1.) Allah bizim cennete ve cehenneme gireceğimizi biliyorsa bizi neden imtihan ediyor ?

* Merak etmeyin her cevap bu kadar uzun olmayacak ! Ve bu soruya iki cevap vereceğim. İlk cevap tamamen benim özgün düşüncem olup yanlış yönlendirmekten korktuğum için bir de klasik bir cevap vereceğim.

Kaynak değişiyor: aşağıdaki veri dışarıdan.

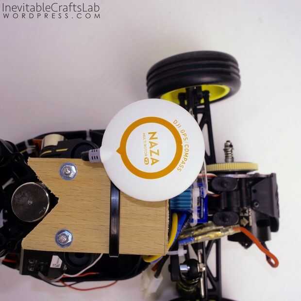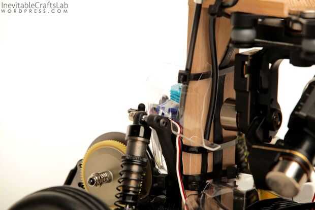 La parte de madera para montar el cardán en la Zenmuse es amarrado a la cúpula de amortiguadores trasera y se corta a 45° para hacer espacio para el motor de eje de z del cardán.
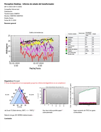 Junto con esto es compatible para trabajar con el software Perception de General Eléctric el cual entrega una herramienta muy poderosa para el seguimiento continuo de los transformadores, análisis y algoritmos de diagnóstico.
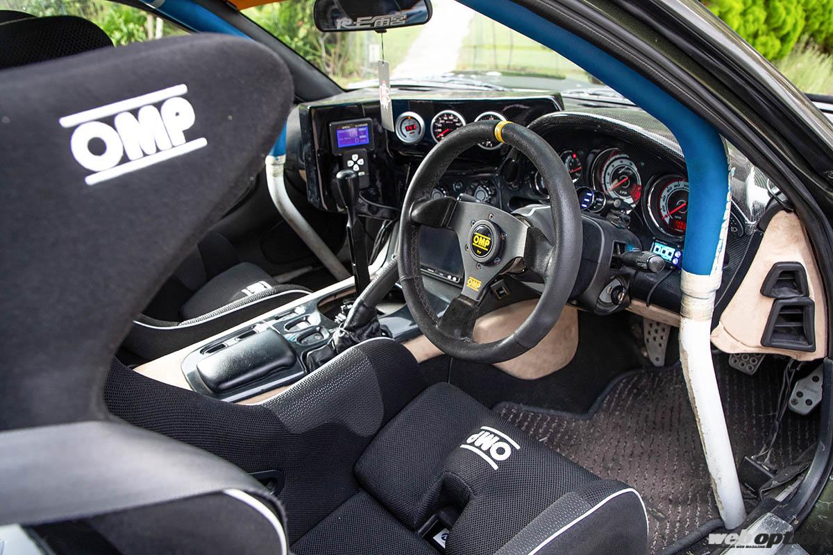 パワーチューンも抜かりなく、サイドポート拡大加工された13B-REWユニットにK27タービンをドッキングして459psを発揮。エンジン系における現在の目標は、チューンドロータリーらしいサウンドを発するブリッジポート化とのこと。
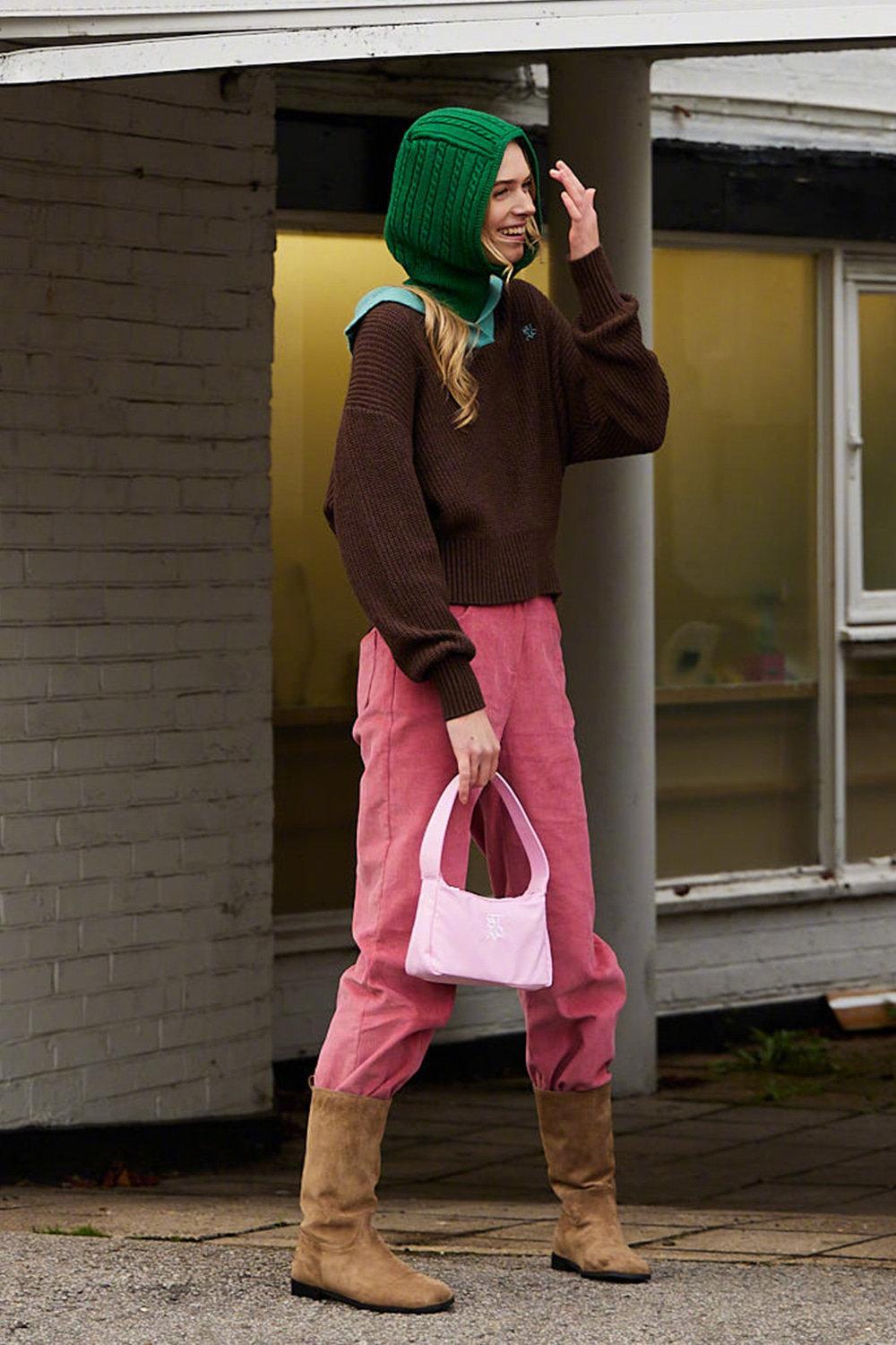 这套搭配讨巧,展示了模特不俗的配色功底。深棕色毛衣搭配粉色长裤,利用下装时髦法将层次对比做到。

- Öncelikle çok önem verdiğim bir konuyu açıklamak istiyorum. O da Allah-alem-insan ilişkisi ve Allah'ın her şeyi bilmesi. Biz Allah'ın varlığından uzakta bağımsız bir varlığa sahip miyiz ? Ya da yaratılmış herhangi bir varlığın bulunduğu yer Allah'tan bağımsız olabilir mi ? Allah bir mekana veyahut zamana dahil değildir. Eğer insanın kapladığı alanı Allah'tan bağımsız olarak düşünürseniz Allah'a bir mekan atfetmiş olursunuz. Eğer insan Allah'ın varlığı içinde derseniz yine Allah'a bir nebze mekan atfetmiş olursunuz. Benim görüşüm bu ilişkinin Allah'ın her şeyi bilmesi ile ilgili olduğu yönünde. Mesela bilgisayarda her şey 1 ve 0'lardan oluşuyor. Ekrana baktığınızda gördüğünüz klasörler ya da resimler gerçeğin bir yanılsaması boyutunda çünkü bunlar gerçekten varolan şeyler değiller. Bunlar sadece gerçekte varolan şeylerin bize görünen halleridir. Allah'ın bilgisi daha doğrusu sahip olduğu o sonsuz olan tüm bilgiden bazılarıyız bizler. Bilgi görülebilen duyulabilen ya da yazılabilen cinsten bir şey değildir. Bilgiyi aktarmak için kullandığımız bütün metodlar semboliktir. Bu durumda bilginin neliği konusunda da bir gizem vardır aslında. İnsanın evrenin atomların ve görebildiğimiz her varlığında bilgisayar ekranına baktığımızda gördüğümüz şekil ve sembollerden o klasörlerden veya resimlerden pekte bir farkı olmadığını düşünüyorum. Bana göre varolan her şey o 0'lar ve 1'lerin bize göründüğü şekildeki gibi Allah'ın sahip olduğu bilginin de görünümüdür.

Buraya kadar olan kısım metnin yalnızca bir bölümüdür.